• efendim, akla gülten akın'dan bir "ilkyaz" gelir niyeyse...hani şu en uzun günü atlattığımız 21 haziran sonrasında geliveriyor, kimsenin incelikleri* anlamadığı, arsız mevsim...

    "...
    ah, kimselerin vakti yok
    durup ince şeyleri anlamaya

    kalın fırçalarını kullanarak geçiyorlar
    evler çocuklar mezarlar çizerek dünyaya
    yitenler olduğu görülüyor bir türküyü açtılar mı
    bakıp kapatıyorlar
    geceye giriyor türküler ve ince şeyler

    "memelerinde biraz irin, biraz balık ve biraz gözyaşı
    bir dev oluyorsun deniz deniz deniz
    sisin dere ağızlarından sokulup akşamları
    fındıklarımızı basıyor
    neyleriz kararan tomurcukları
    çocuklarımıza yalvarıyoruz: aç durun biraz
    tecimenlere yalvarıyoruz :
    bir "hotel" bir gizli evlenme az çiziniz
    bir banka az çiziniz bir yalvarma
    bizden size ve sizden dışardakilere

    karılarımızı yolluyoruz tırnaklarını kesmeye ve demeye
    -evet efendim-
    çocuklarımızı yolluyoruz dilenmeye
    bizler gidiyoruz yatağımız tanrıya emanet
    yazların motorlu çingeneleri

    ah kimselerin vakti yok
    durup ince şeyler, anlamaya

    baba evleri, ilk kez girilen ırmağa dönüş
    toprağa tutku, kendinden dolayı
    kulaklarımızı tıkıyoruz: para para para
    kulaklarımızı açıyoruz: kavga kavga kavga
    sorar belki biri: kavga ama neden kavga
    komşumuza sonsuz balta, karımıza yumruklar içinde
    -bilmiyoruz neden kavga.

    sonra kasabamızın cezaevinde
    silgimizi göz önüne yerleştiriyoruz
    günlerimizi iterek genişletiyoruz
    yer açıyoruz karılarımızı düşünmeye
    bizsiz geçen menevşeyi düşünmeye

    durup ince şeyleri anlama
    kimselerin vakti olmasa da
    okulların kadın öğretmencikleri
    tatil günlerini çoğaltsalar da
    kutsal nemiz varsa onun adına
    gözlerimiz için bağlar dokusalar da
    birikimler ve çizgiler gitgide gitgide
    açmaya ilkyaz çiçekleri

    bir gün birileri öte geçelerden
    ıslık çalarlar, yanıt veririz"
    ..."
  • bir kız ismi.
  • aysun kocatepe ve ali kocatepe ikilisinden esinlenerek ailemin bana bahşettiği isim. çok çektim maalesef bu isimden sayın okurlar.
    1) hiçbir zaman çağrı merkezi çalışanları adımı düzgün telaffuz edemez.
    1a) yeni tanıştığın insanlar ismini anlayamaz ve "şu ismi garip olan kız" diye adınız kalabilir.
    2) ilkokulda ilk öğrenilen çat pat ingilizceden sonra isminiz okulda "first summer"a çıkabilir. bu yıllar yıllar boyu devam eder.
    3) bilumum değişik arkadaşlık sitelerinde çat diye bulunursunuz nick kullanmak her zaman işe yaramayabilir.

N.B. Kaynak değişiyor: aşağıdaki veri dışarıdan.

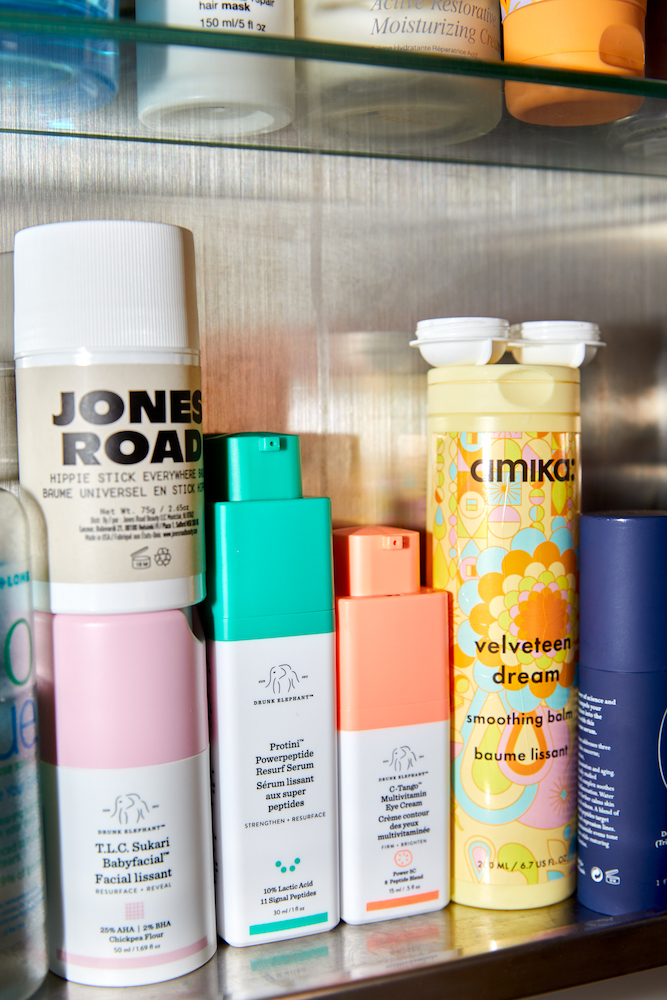 Sometimes I’ll use this Dieux Deliverance Trinity Serum. I don’t love having a lot of product on my skin, so I don’t use many serums, but this one absorbs really well. And I think it helps a lot with inflammation—especially when I’m starting to get my period. It’s good for hormonal acne. Then, I use this Drunk Elephant Virgin Marula Oil. I started using face oils maybe two or three years ago—the first one I really liked was the Circumference Pure Balancing Botanical Face Oil, which was also from Mi-Anne. I gua sha, and massaging in a good oil feels really nice. When I do that, I don’t have to do as much work in the morning. I just wake up and my face feels moisturized. In the morning I’ll just wet my face and use this Tata Harper Water-Lock Moisturizer. I’m really obsessed with it. I found it when I was in California, because it’s so dry there and I really needed a good moisturizer. I’ve been using it a lot since. Then I’ll use this ZitSticka Megashade Sunscreen Serum. It’s creamy, which makes me feel like it sinks in more quickly, and it’s very lightweight, so I’m not totally aware that I’m wearing sunscreen.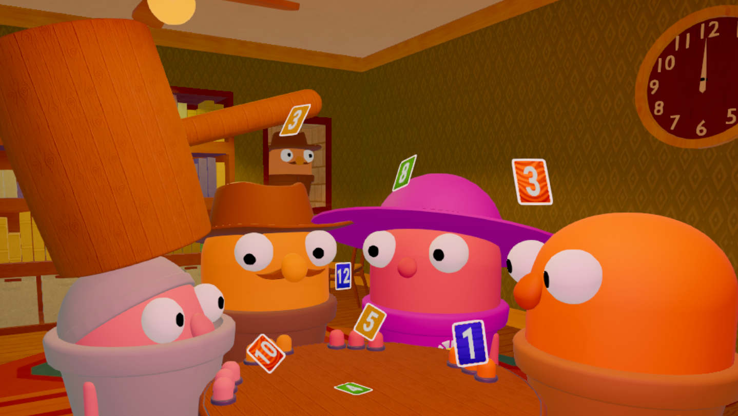 Play online with friends (2–4 players) or offline against lively AIs that act like real players. A full session takes about 8–13 minutes. Each player has their own 48-card deck (four colors, numbers 1–12), so every round feels fresh and tactical.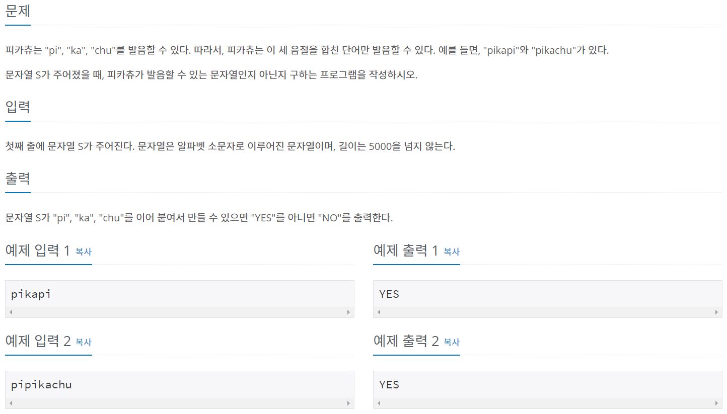 피카츄는 "pi", "ka", "chu"를 발음할 수 있다. 따라서, 피카츄는 이 세 음절을 합친 단어만 발음할 수 있다. 예를 들면, "pikapi"와 "pikachu"가 있다. 문자열 S가 주어졌을 때, 피카츄가 발음할 수 있는 문

    bunların dışında faydaları da vardır bazen. bir ortamda daha önce duyulmamış bir ismin varsa ilk hatırlanan sen oluyorsun. ayrıca "aa ismin çok hoş" diyenler de çıkmadı değil.
  • aşkın en deli çağları.
    sancılı bahar bir sıcak mevsim doğuruyor içime.
    yosunlu, berrak denizler kamaşırken damağımda, yalın kokular küçük notlar iliştiriyor hafızama, bilmiyorum ben.
    ömrümce hatırlayacağım o anları, günleri, duyguları. her şey geçecek hızla, değişecek, eskiyecek. sevdiğim insanlar ölecek, izleri silinecek coğrafyamdan.
    büyümek diye bir şey varmış, tanımıyorum ben.
    akşamların birinde aylardan nisan, incecik kumaşların içinde aşkla titriyorum, başımda kavak yelleri.
    aklımda elleri, deli gözleri.
    zaman kahrolsun!

    kahrolsun böyle içime işlediği için, canımı yaktığı için, habersizce uzayıp gittiği için.
    ne kokular geçiyor yüreğimden! saysam döksem sığdıramam. papatyalar, nergisler, kırtasiyeler, yeşil sabunla naftalin bile aşk taşıyor geçmişime. evler taşınıyor içimde bağlara, bahçelere.
    zaman! nasıl geçtin bu kadar? dönsem şimdi, tek tek dönsem bütün haziranlara. bir iki üç beş hepsini bir bir saysam, ağırlaşsa kanım, göz kapaklarım.
    cevizler, zeytinler, narlar... gölgeleri değse kalbime.
    dursam, öylece dursam sonsuza kadar.
    içim sızım sızım.
  • aylak adam'ın ikinci bölümünün adıdır
    edit: ayrıca kızıma koyacağım isimdir.
  • ümit yaşar oğuzcan'ın ben eylül sen haziran şiirinde geçer, nerede bir ilkyaz, haziran ve benzeri görsem aklıma gelir..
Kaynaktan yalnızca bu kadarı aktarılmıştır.